## Your task
Every entry that follows should be output exactly, and every image in it left out.

Recorded data
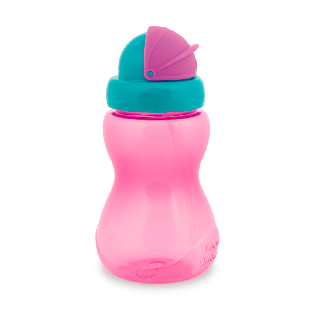 Удобная и яркая бутылочка для детей от года. Главный плюс — мягкий силиконовый мундштук, который не травмирует чувствительные десны и только что прорезавшиеся зубы. В комплекте идет плотно закрывающийся чехол, защищающий мундштук от уличной пыли, песка и грязи. Это делает бутылочку идеальным вариантом для детского сада, прогулок и дальних поездок. Внутри мундштук соединен с пластиковой трубочкой, которая опущена на дно. Благодаря этому ребенок может выпить все содержимое, не наклоняя голову. Трубочка складывается и прячется в крышку — в закрытом виде жидкость не вытекает, даже если бутылочка перевернута. Для тех, кто часто использует бутылочку, можно купить сменный мундштук с трубочкой. Материалы безопасны, не содержат BPA. Объем 270 мл. Подходит детям с 12 месяцев.
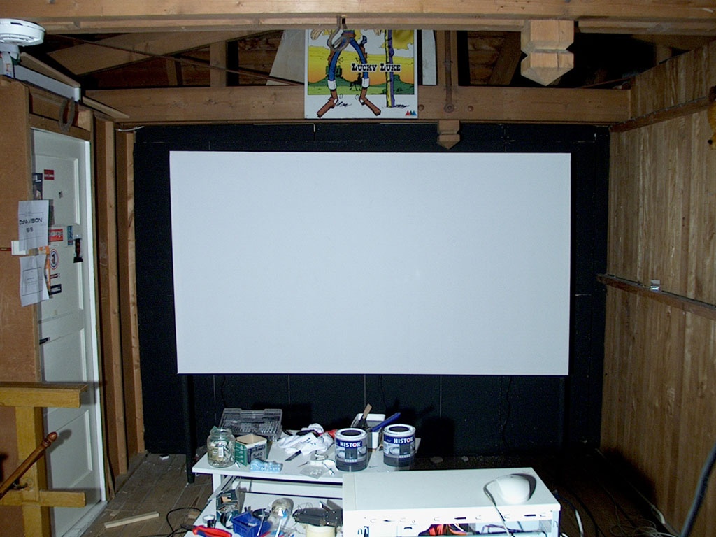 Mijn projectiedoek heb ik inmiddels klaar en kostte me 30euro, en het beeld is beter dan ik ooit had kunnen dromen. Het scherm is 220mx130m, moeten nog afgewerkt worden met zwart velours (5cm rondom). Het doek is verduisteringsdoek van de Kwantum, het voordeel hiervan is dat er geen licht doorheen komt en dat het doek stevig, mat en gemakkelijk te spannen is. Het frame is opgebouwd uit houte balkjes met een diameter van 3cm.
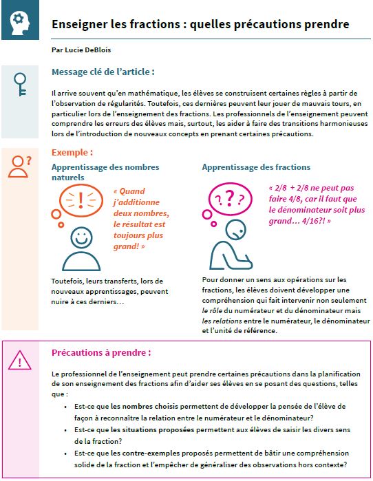 Les erreurs des élèves font partie du processus de transformation des connaissances, notamment lorsqu’on leur soumet des problèmes à résoudre plutôt que des exercices d’application (DeBlois, 1995). Dans ces conditions, la curiosité des professionnels de l’enseignement à l’égard du raisonnement de leurs élèves est essentielle pour interpréter leurs erreurs et les situer dans un processus (DeBlois, 2003). Par exemple, le pourcentage est le plus souvent présenté comme une fraction équivalente (CSFL, 2015) à l’élémentaire. Le pourcentage sera toutefois situé dans l’apprentissage du raisonnement proportionnel au secondaire qui s’appuie sur la fraction-rapport. Enfin, pour donner un sens aux opérations sur les fractions, les élèves doivent développer une compréhension qui fait intervenir non seulement le rôle du numérateur et du dénominateur mais les relations entre le numérateur, le dénominateur et l’unité de référence.
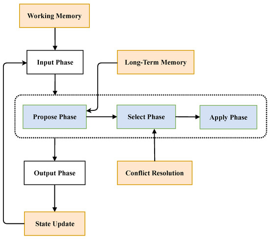Figure 1. The Operation Data Layer receives raw sensor data and environmental information, feeding it into Soar’s WM. The intermediate Soar Mission Understanding Layer performs a deep analysis of the mission intent by analyzing situational elements and matching them against high-level directives, generating concrete action plans and coordination strategies. Each UAV’s Soar agent reasons through its core decision cycle (Input-Propose-Select-Apply-Output). The final operator selected within the DC is outputted to the lower Mission Planning and Action Execution Layer. The UAV then executes this action, thereby altering the current state.
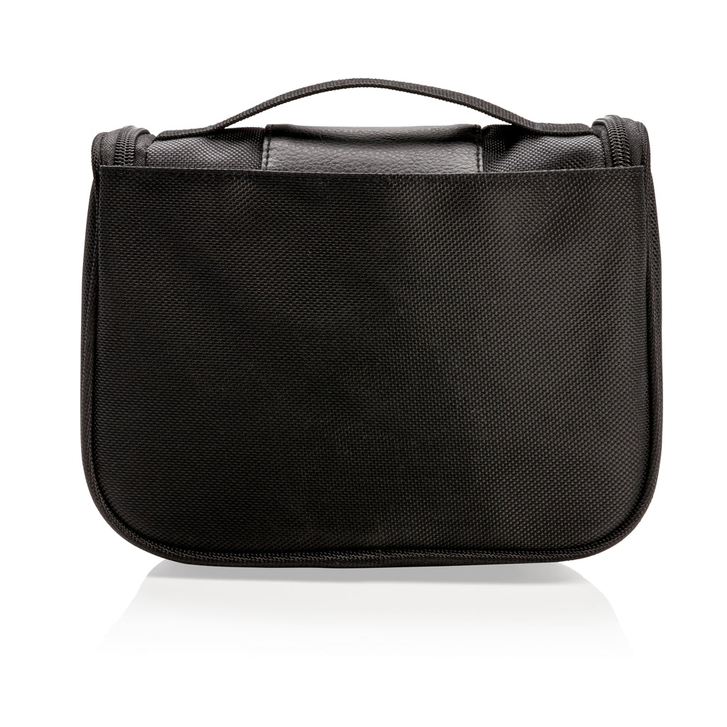 Beauty case in 1680D. Lo scomparto pricipale comprende 2 tasche a rete aperte e una tasca a rete con zip. Include gancio per un facile utilizzo. Capacità L 2

## Reply
 Удобная и яркая бутылочка для детей от года. Главный плюс — мягкий силиконовый мундштук, который не травмирует чувствительные десны и только что прорезавшиеся зубы. В комплекте идет плотно закрывающийся чехол, защищающий мундштук от уличной пыли, песка и грязи. Это делает бутылочку идеальным вариантом для детского сада, прогулок и дальних поездок. Внутри мундштук соединен с пластиковой трубочкой, которая опущена на дно. Благодаря этому ребенок может выпить все содержимое, не наклоняя голову. Трубочка складывается и прячется в крышку — в закрытом виде жидкость не вытекает, даже если бутылочка перевернута. Для тех, кто часто использует бутылочку, можно купить сменный мундштук с трубочкой. Материалы безопасны, не содержат BPA. Объем 270 мл. Подходит детям с 12 месяцев.
 Mijn projectiedoek heb ik inmiddels klaar en kostte me 30euro, en het beeld is beter dan ik ooit had kunnen dromen. Het scherm is 220mx130m, moeten nog afgewerkt worden met zwart velours (5cm rondom). Het doek is verduisteringsdoek van de Kwantum, het voordeel hiervan is dat er geen licht doorheen komt en dat het doek stevig, mat en gemakkelijk te spannen is. Het frame is opgebouwd uit houte balkjes met een diameter van 3cm.
 Les erreurs des élèves font partie du processus de transformation des connaissances, notamment lorsqu’on leur soumet des problèmes à résoudre plutôt que des exercices d’application (DeBlois, 1995). Dans ces conditions, la curiosité des professionnels de l’enseignement à l’égard du raisonnement de leurs élèves est essentielle pour interpréter leurs erreurs et les situer dans un processus (DeBlois, 2003). Par exemple, le pourcentage est le plus souvent présenté comme une fraction équivalente (CSFL, 2015) à l’élémentaire. Le pourcentage sera toutefois situé dans l’apprentissage du raisonnement proportionnel au secondaire qui s’appuie sur la fraction-rapport. Enfin, pour donner un sens aux opérations sur les fractions, les élèves doivent développer une compréhension qui fait intervenir non seulement le rôle du numérateur et du dénominateur mais les relations entre le numérateur, le dénominateur et l’unité de référence.
Figure 1. The Operation Data Layer receives raw sensor data and environmental information, feeding it into Soar’s WM. The intermediate Soar Mission Understanding Layer performs a deep analysis of the mission intent by analyzing situational elements and matching them against high-level directives, generating concrete action plans and coordination strategies. Each UAV’s Soar agent reasons through its core decision cycle (Input-Propose-Select-Apply-Output). The final operator selected within the DC is outputted to the lower Mission Planning and Action Execution Layer. The UAV then executes this action, thereby altering the current state.
 Beauty case in 1680D. Lo scomparto pricipale comprende 2 tasche a rete aperte e una tasca a rete con zip. Include gancio per un facile utilizzo. Capacità L 2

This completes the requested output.